Ratings, Price Targets, and Chart/Performance Disclosures
May 12, 2026
Study Series 87 rating-system disclosures, rating distributions, price targets, historical price charts, performance context, valuation assumptions, non-GAAP charting, and risk context.
On this page
Ratings and price targets are high-risk research elements because they compress complex analysis into labels and numbers. Series 87 expects the analyst and firm to make those labels understandable, consistent, and supported by disclosures. A rating cannot be treated as a slogan, and a price target cannot be presented as a guaranteed outcome.
The exam-safe answer explains the firm’s rating system, ties the target to assumptions and time horizon, includes chart or performance context when required, and avoids false precision.
Learning objectives
After this lesson, you should be able to:
explain how ratings, price targets, and chart/performance disclosures fit the Series 87 research-control workflow
identify the disclosures, restrictions, approvals, or records that change the answer
recognize when research content, timing, channel, or audience creates a conflict or market-integrity risk
choose the response that keeps research accurate, independent, approved, and retained
What the exam is really testing
Series 87 questions usually test whether research stays inside a controlled pipeline.
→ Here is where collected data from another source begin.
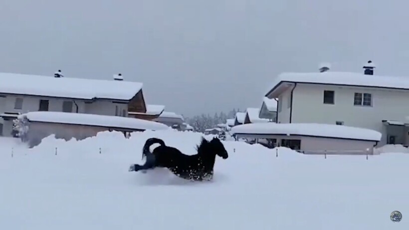 Черные жеребцы, которые стали героями видео ниже, так любят зиму, что готовы купаться в снегу. Они бегут по заснеженным сугробам, которые им совсем не мешают. Скорее наоборот, создают больший интерес. Кони ныряют с головой в снег и наслаждаются им словно дети.
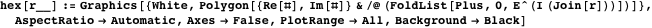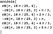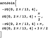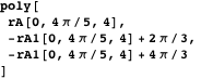 The polygonal arcs constructed by the above method do not always form the boundary of a polygon. However, interesting graphics may sometimes be obtained by applying Polygon to the list of vertices. The function poly defined below can be used to construct such a graphic.
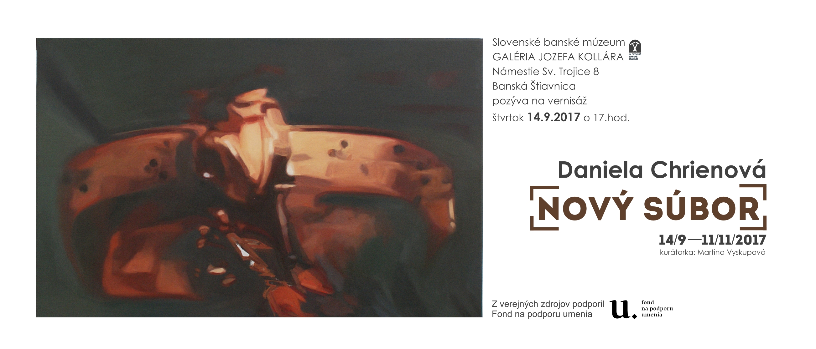 Daniela Chrienová / NOVÝ SÚBOR/ Galéria Jozefa Kollára, Nám. sv. Trojice 8, Banská Štiavnica Výstava je prezentáciou najnovšej tvorby maliarky Daniely Chrienovej (*1984), ktorá sa v rámci svojho výtvarného programu sústreďuje na problémy súvisiace s premenami a vlastnosťami rôznych typov obrazov v dnešnom vizuálnom prostredí. V rámci výstavy bude uvedený rovnomenný katalóg dokumentujúci najnovšiu tvorbu autorky. Kurátorka výstavy: Martina Vyskupová
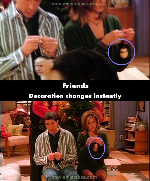 Continuity mistake: When Rachel says about her 6th date with Paulo, she is holding a decoration for the tree. In the next shot the decoration changes to a much larger object. Then, in the next shot, as she hands it to Monica, it has turned back to the original shape. (00:05:40)
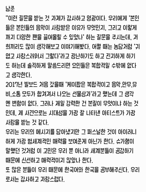 "우리는 우리의 메시지를 담아냈지만 그 퍼스널한 것이 아이러니하게 가장 범세계적인 매력을 보여준게 아닌가 한다."
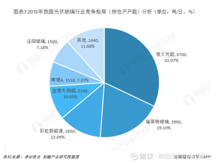 现阶段,我国光伏玻璃行业已形成信义光能、福莱特双寡头格局。根据卓创资讯统计数据,2018年国内光伏玻璃在产产能排前三企业的依次是信义光能、福莱特玻璃和彩虹新能源,这三家企业的在产产能分别为6700/3990/2650吨/日,分别占国内总在产产能的32.07%、19.10%、12.69%,其中前两者的合计市占率将近50%。
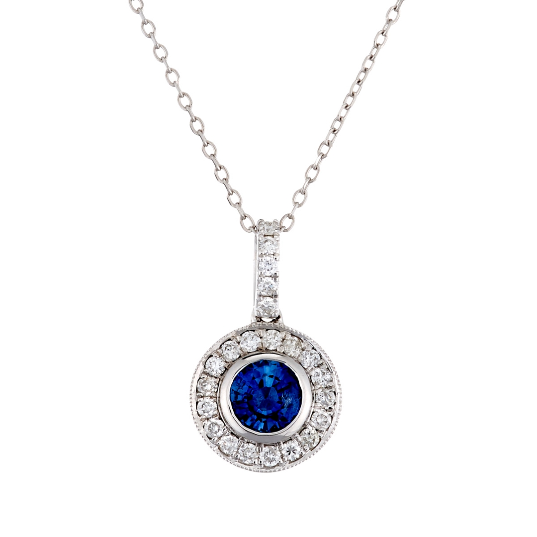 A brand-new, unused, certified natural diamond & blue sapphire gemstone round-shaped cluster pendant, with one round mixed-cut blue sapphire gemstone & a cluster of brilliant-cut diamonds, set in 18ct white gold.
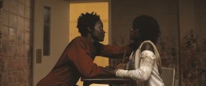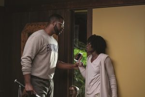 The unexpected arrival of mysterious visitors causes stress for middle-aged housewife Adelaide Wilson (Lupita Nyong’o, right) and her husband, Gabe (Winston Duke, left), in “Us.” Photo by Claudette Barius, courtesy of Universal Pictures.
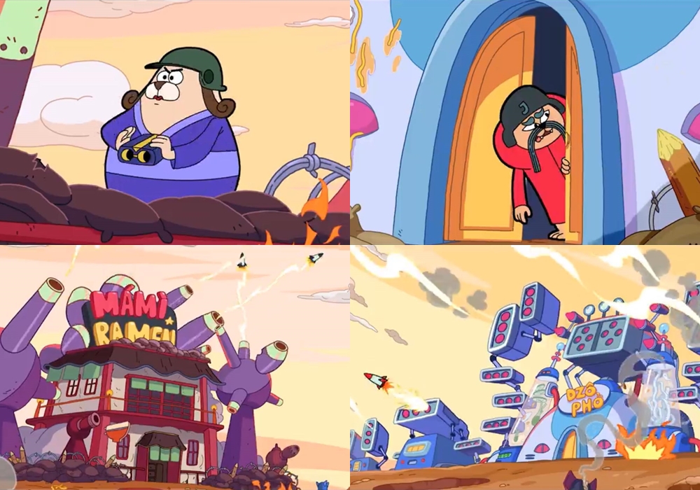 Ở Hành tinh Mì, nếu để ý kĩ thì trong quán Má Mì Ramen có dán áp phích trông giống như bức tranh Uncle Sam kêu gọi gia nhập lực lượng quân sự Mĩ. Nếu trong quá khứ, đây là bức áp phích tuyên bố chiến tranh thế giới thứ I, thì giờ đây nó lại được sử dụng đế “châm ngòi” chiến tranh giữa Má Mì Ramen và Dzô Phở.
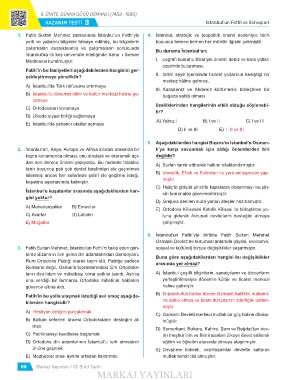 KAZANIM TESTİ 3 stanbul’un Fethi ve Sonuçlar
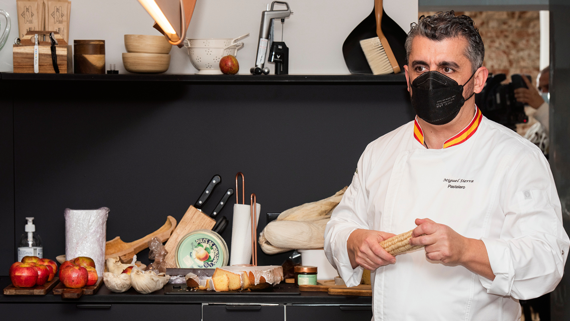 Otro ejemplo: el reconocido repostero y asesor gastronómico Miguel Sierra, que atesora diferentes galardones como el Premio de la Academia de Gastronomía de Asturias en la categoría de Dulcería, que sabe mostrar la visión más tradicional de la repostería asturiana. Dos de sus elaboraciones demuestran esa fusión de tradición y vanguardia como son el mantecado de maíz con dulce de manzana, el turrón siderúrgico de maíz y la manzana rellena de arroz con leche.
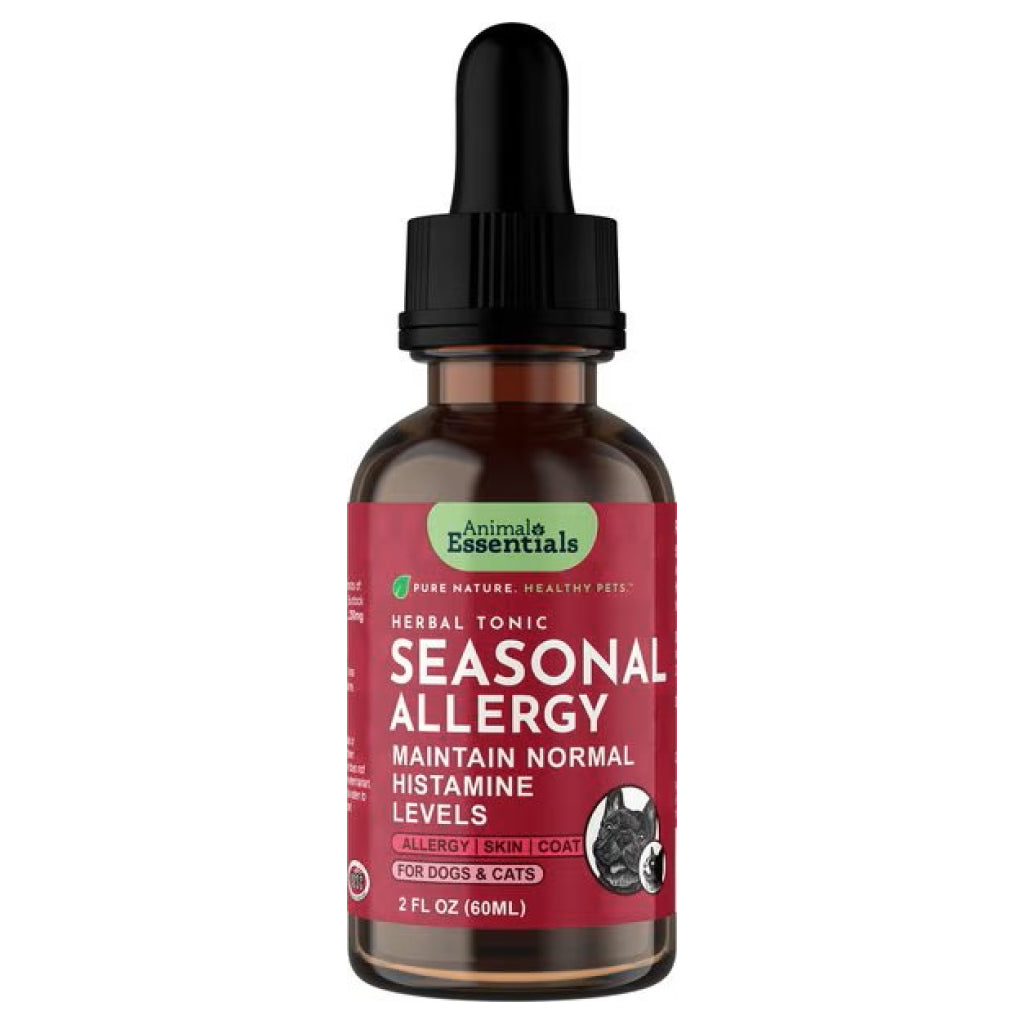 Animal Essentials Seasonal Allergy Herbal Formula is a liquid herbal blend designed to ease itching, sneezing, and watery eyes caused by environmental allergens. Made with organic nettle, licorice, burdock, and eyebright, this gentle formula supports skin, eye, and respiratory health. Safe for both cats & dogs, it can be used long-term for seasonal or year-round relief.
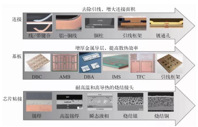 芯片粘接、連接和基板等關(guān)鍵封裝材料與技術(shù)的發(fā)展趨勢如圖2所示。連接技術(shù)從鍵合引線向帶狀、銅柱、引線框架和電鍍通孔等方向發(fā)展,通過去除引線、增大連接面積來提高導(dǎo)熱和導(dǎo)電性能。芯片粘接材料從傳統(tǒng)錫焊向金基高溫釬焊、瞬態(tài)液相連接、燒結(jié)銀和燒結(jié)銅等方向發(fā)展,大幅提高導(dǎo)熱和導(dǎo)電性能,滿足高溫可靠應(yīng)用?;逑蛑龊裉沾苫宓慕饘賹?dǎo)電導(dǎo)熱層發(fā)展,從而提高散熱效率[5]。
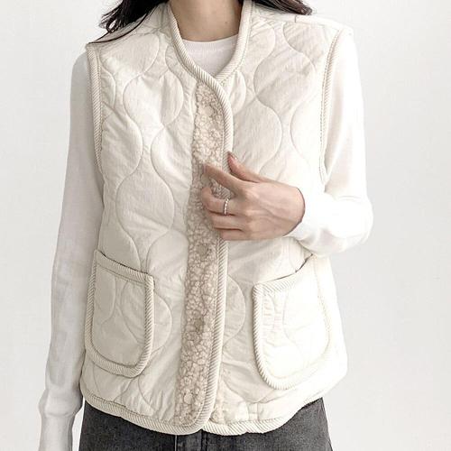 [옷자락]여자 뽀글이 물결 퀼팅 포켓 베이직핏 겨울 양털 조끼
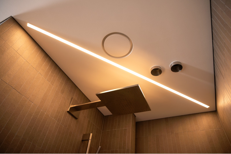 Στην περιοχή του ντους , έχει εγκατασταθεί μια επαγγελματική συσκευή έκπλυσης, η οποία διαθέτει δεξαμενή από ανοξείδωτο χάλυβα, βαλβίδες εκκένωσης, διακλαδώσεις διανομής και πνευματική σκανδάλη.
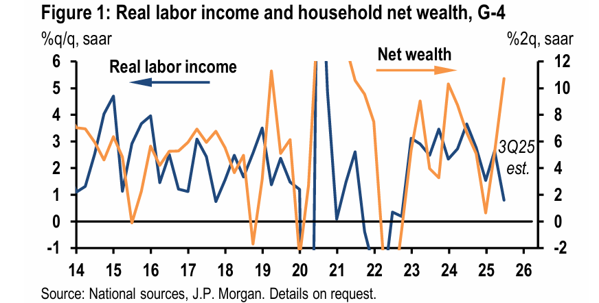 不止AI有"闭环",美国经济也正运行在一个非典型的"闭环"之中:企业通过裁员降本增效推高股价,而飙升的股市通过财富效应刺激消费, 强劲的消费反过来又支撑了企业业绩和经济韧性。 宏观趋势博客作者兼经济学家David Woo将此现象描述为一种索罗斯式的"反身性"闭环。据华尔街见闻此前提及,他警告称,这种由企业裁 员、股价上涨和消费支撑共同构成的循环正在催生泡沫,一旦以AI为首的股市热潮退去或消费者信心崩溃,其脆弱的平衡可能被打破。 摩根大通4日的最新研究则为这一现象提供了数据支撑。该行分析师Joseph Lupton和Maia G Crook在一份报告中指出,当前市场呈现出一 种"奇怪的脱钩"——劳动力市场普遍恶化与家庭财富强劲增长同时发生。这种脱钩在发达市场中普遍存在,但在美国表现得尤为突出。 摩根大通认为,由股价上涨带来的"财富效应"正充当着一座桥梁,暂时弥补了劳动收入增长放缓带来的缺口。然而,分析师们也强调,这种 由资产价格驱动的消费韧性难以长期持续。他们警告,一旦财富效应减弱,股市可能从经济的"缓冲垫"迅速转变为加剧下行压力的"放大 器"。 罕见脱钩:财富增长抵消薪资疲软 摩根大通的报告详细描述了劳动力市 ...
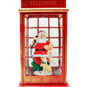 1 Luminária Decorativa Cabine Telefone Inglês Papai Noel Com Cachorro De 26cm;
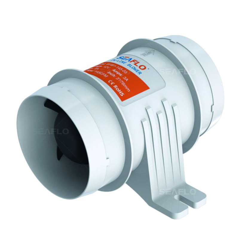Motorrumsfläkt SEAFLO In-Line Blower, 24 V, inline, Ø75 mm (3") - Ø75 mm (3"), 4.1 m³/minut
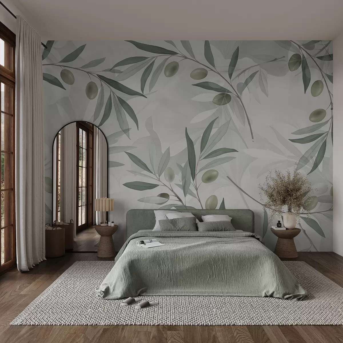 Wall murals Olive branches with green leaves and olives on a light background Nr. w08576
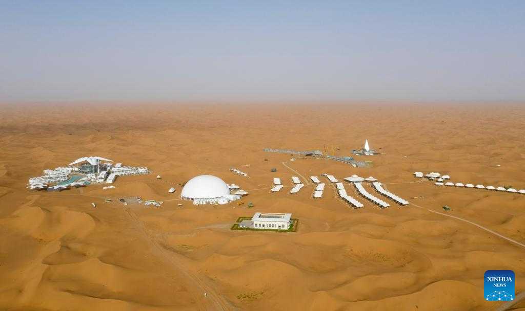 This aerial photo taken on July 20, 2023 shows a resort in the Tengger Desert in the Shapotou scenic spot in Zhongwei, northwest China's Ningxia Hui Autonomous Region. Shapotou scenic spot in Zhongwei of northwest China's Ningxia has entered its peak tourism season during the summer vacation, with the largest daily visitor flow reaching over 10,000. (Xinhua/Wang Peng)
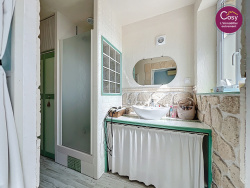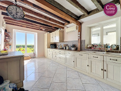 La cuisine aménagée et équipée, avec son charme authentique et ses ouvertures sur le jardin, est un véritable lieu de vie. Elle est prolongée par une arrière-cuisine très fonctionnelle, idéale pour une organisation fluide au quotidien.
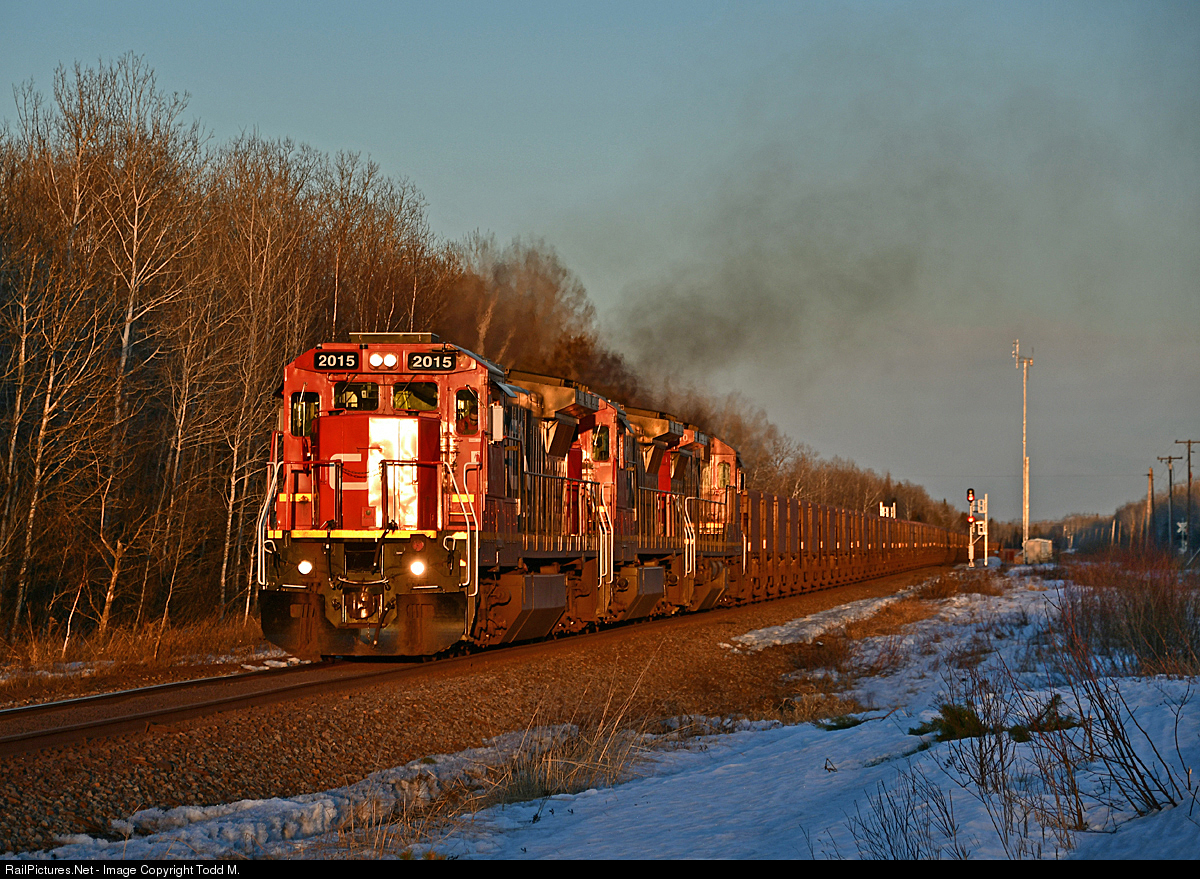 | After waiting for a unit oil train to roll south across the Ramshaw diamond in front of them, CN 2015 is back underway towards Minntac just seconds before the sun is lost for the day. |
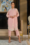 Primrose pink pure silk formal shirt with pure resham hand embroidery and heavy cut-work on front, back daman and sleeves. Paired with pure silk trousers with embroidery detail.
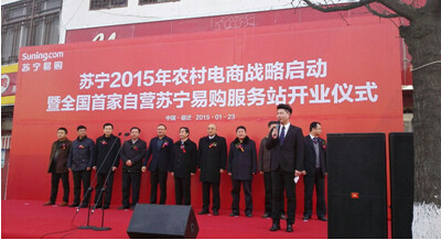 1月23日,蘇寧易購首家自營服務站在江蘇省宿遷市洋河鎮正式開業,當日,鹽城市龍岡鎮的服務站也開門迎客,兩家自營服務站的開業標志著蘇寧農村電商發展進入自營跟加盟兩種模式共同發展階段,縣鎮網絡建設布局也全面加速。

The fact pattern may involve a report, draft, chart, client call, social post, issuer interaction, or offering context, but the stronger answer asks whether the content is supportable, disclosed, supervised, and distributed fairly. For ratings, price targets, and chart/performance disclosures, that means protecting readers from unsupported certainty, hidden conflicts, selective access, and missing records.
Report element
What must be controlled
Common Series 87 trap
Rating definition
The reader must understand what buy, hold, sell, or equivalent categories mean
Using rating words inconsistently across reports
Rating distribution
Readers can see how ratings are spread across the firm’s universe
Omitting context that helps readers evaluate bias
Price target
The target should connect to valuation inputs, catalysts, and time horizon
Presenting a point estimate as certainty
Historical chart
Price history and relevant markers should not mislead
Cherry-picking dates or omitting adverse periods
Non-GAAP chart metric
Adjusted measures need clear labeling and context
Using adjusted data to make performance look better than supported
Control workflow
flowchart TD
A["Rating or target appears in report"] --> B["Define the rating and confirm consistency"]
B --> C["Support the target with assumptions, horizon, and valuation context"]
C --> D["Add required chart, history, distribution, and risk disclosures"]
D --> E["Route through report approval and retain support"]
How to answer fact patterns
Classify the communication: report, draft, update, public appearance, internal summary, or dissemination channel.
Identify the conflict, disclosure, approval, certification, timing, or recordkeeping issue.
Ask whether the proposed action gives any audience unfair, unsupported, or unapproved research access.
Choose the answer that discloses, restricts, escalates, approves, and retains the record before dissemination.
Common exam traps
Treating a rating as self-explanatory.
Changing a target without explaining the changed valuation input or catalyst.
Using a price chart that makes performance look better by choosing a convenient window.
Separating the rating, target, thesis, and risk section so they no longer match.
Using non-GAAP or adjusted figures without controls and context.
Key concepts
Rating system: know what it changes in disclosure, approval, independence, timing, or dissemination control.
Rating distribution: know what it changes in disclosure, approval, independence, timing, or dissemination control.
Price target basis: know what it changes in disclosure, approval, independence, timing, or dissemination control.
Historical price chart: know what it changes in disclosure, approval, independence, timing, or dissemination control.
Performance context: know what it changes in disclosure, approval, independence, timing, or dissemination control.
Non-GAAP presentation: know what it changes in disclosure, approval, independence, timing, or dissemination control.
Key takeaways
Series 87 rewards research integrity, not faster distribution.
A short message, chart, call, or public comment can still need the same disclosure and supervision discipline as a formal report.
The safest answer usually protects independence, avoids selective dissemination, and preserves a clear approval and retention record.